Sunday, November 6, 2011

Hydrologic oddities: My first underground river

The first strange river I ever heard of was the Middle Fork of the Popo Agie. At Sinks Canyon State Park, an hour west of Lander Wyoming as the river flows (or 10-15 minutes as the car goes), the Popo Agie River dives into a cave and then calmly emerges a brief walk downstream. The pace of the river seems a bit like racing into a bathroom stall and then strolling out, relieved, except in this case the river returns a bit larger than when it went in.

The Sinks (source) where the river goes in
The Rise (source) where it comes out. Note swarms of fish in lower right.

Because it has an unusual pronunciation, I had read and heard the name "Popo Agie" for months before I put it all together. It's not poh poh aggie (as in rhymes with Maggie). It's pronounced poe (as in Edgar Allen--) poe-juh (as in juh, justice). Puh pojuh. Such a mixup would cause exasperated sighing and eye-rolling from the locals, as if one was pronouncing japaleno with a j (as in Japan) instead of an h.

The river travels about 10 miles (16 km) from the mountains before reaching "The Sink". It then goes underground for about 1/4 mile (400 meters) until it reaches the "The Rise". It would be the distance-to-age equivalent of a high school student's 3 month summer vacation. What a memorable summer that must have been! Also, if streamflow were a person's weight, the river would have put on the equivalent of about 25 pounds after it came back from vacation.  The stories it could tell.

The large view. The river flows from the mountains and out of the canyon onto the plains. 
The close up view. The river "sinks" in the lower left and rises again downstream in the upper right. 

Even though I had been a surface water hydrologist for about five years, the idea of a disappearing river made my mind swim. For a given sized area, drier areas had smaller rivers than wetter areas, clearly. I also pictured some rivers like the Colorado getting exhausted from overuse, limping along until dying of thirst before reaching the ocean. The image of a river willingly disappearing, though, in it's prime, seemed like hydrologic death and resurrection.

The rocks in the area (like for most strange rivers) are limestone, carved in part by glaciers. Water dissolves some of the ground as it passes through limestone, like sugar in tea. The rocks can have empty pockets underground that eventually can get big enough to form caverns. Sometimes these pockets are partly exposed to the surface and rivers can flow in.

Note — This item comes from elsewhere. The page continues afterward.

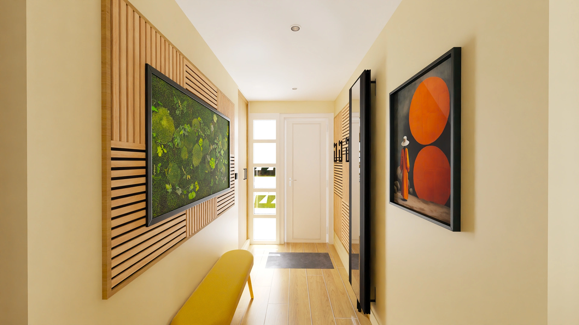 Nos décorateurs abordent l’entrée comme une pièce à part entière, même lorsqu’elle n’en a pas les dimensions. Ils optimisent chaque surface pour que ce passage devienne un lieu fluide, agréable et harmonieux.

In the case of the Popo Agie, the water collects underground and seeps through the rock until it comes to the surface in a placid pool called "The Rise". A couple weeks a year, when the flow gets very high, the cave backs up, starts to overflow and connects up with the downstream through conventional overland means like more normal rivers do. If you want to see what the river is up to right now (some ways downstream), you can see the data here, as well as many photos of the river gage itself.

Relatively little is known about what is happening to the river while it is underground, because it is impossible to go into the cave. Instead, students, as part of a field camp for geology students, put dye in the river upstream and watched it come out downstream (about two to three hours later). It was a bit like splashing paint on cars as they drive into a tunnel and timing when painted cars start coming out the other side.

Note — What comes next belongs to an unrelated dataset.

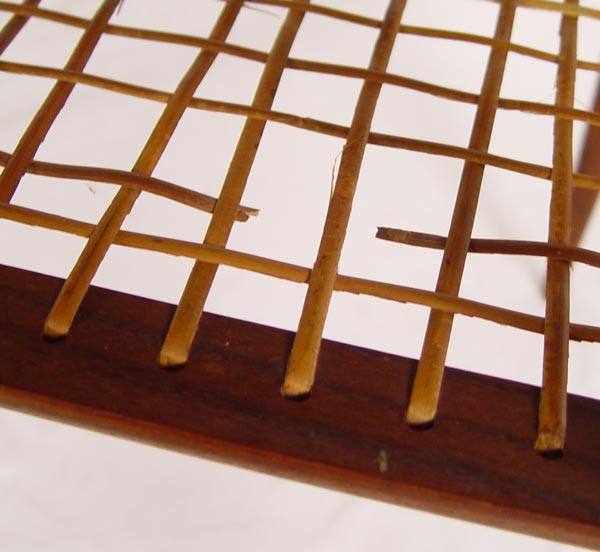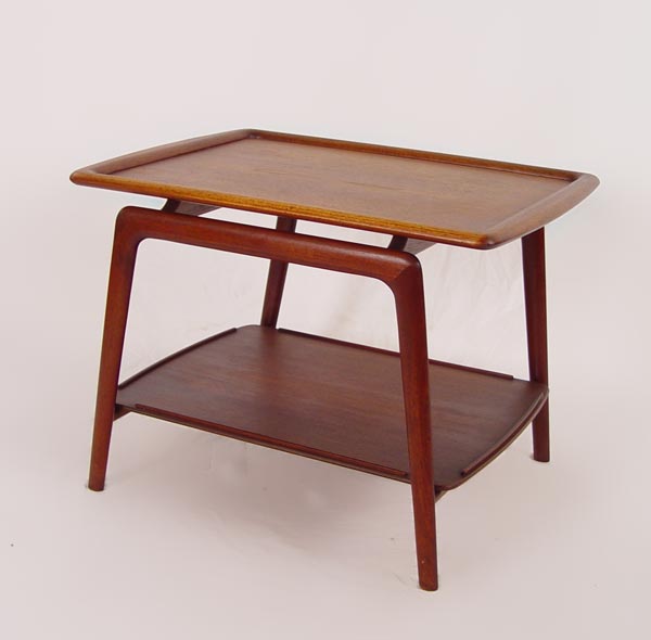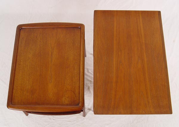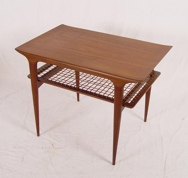 TWO DANISH MODERN TEAKWOOD SIDE TABLES: 1) Two tier table with the lower tier being caned, bears the Danish control button. 22 1/2''h. x 30'' x 19 1/2''. 2) Two tier table, 19 1/2'' x 20'' x2 7''. Bears a Made In Denmark Craftsmanship button.

It was all very different from my textbook vision of how rivers should behave. Imagine if a garden-variety surface water hydrologist was captured, hooded, and released somewhere between The Sink and The Rise without telling him that the underground river existed. If he was asked to model the river flow (this isn't how it usually happens, but let's just pretend), he would probably end up quite confused as to why there is an empty channel. If he never visited the river in person, he might guess that the gage is giving bad data.

The Popo Agie is a very visible example of something dramatic happening to a river because of what is going on underneath the surface. Although the river is the exception rather than the rule, what it made me appreciate was all the other cases in the world where less obvious but still quite quirky things are going on underground.

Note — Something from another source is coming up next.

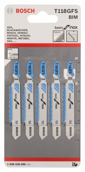 Stichsägeblatt T 118 GFS Basic for Stainless Steel, 5er-Pack 2608636496

  1. Understanding of the water cycle, in the Western world at least, got lost for a millennium or so because the ancient Greeks got fixated on streams or rivers emerging from karst hillsides. Of course, it's not easy to debate Ancient Greeks. So they thought water fed these rivers from stores inside the mountain, which got there not by percolation from the surface, but through the ground all the way from the ocean.

  2. Daniel,

    Thanks for your comment, your blog has some great posts, I look forward to reading more.

    About the Ancient Greeks and strange rivers, there's some free sample chapters of a book "Hydromythology" that goes into this more at


  3. Thanks for the link. I hadn't come across that one. I'll have a look.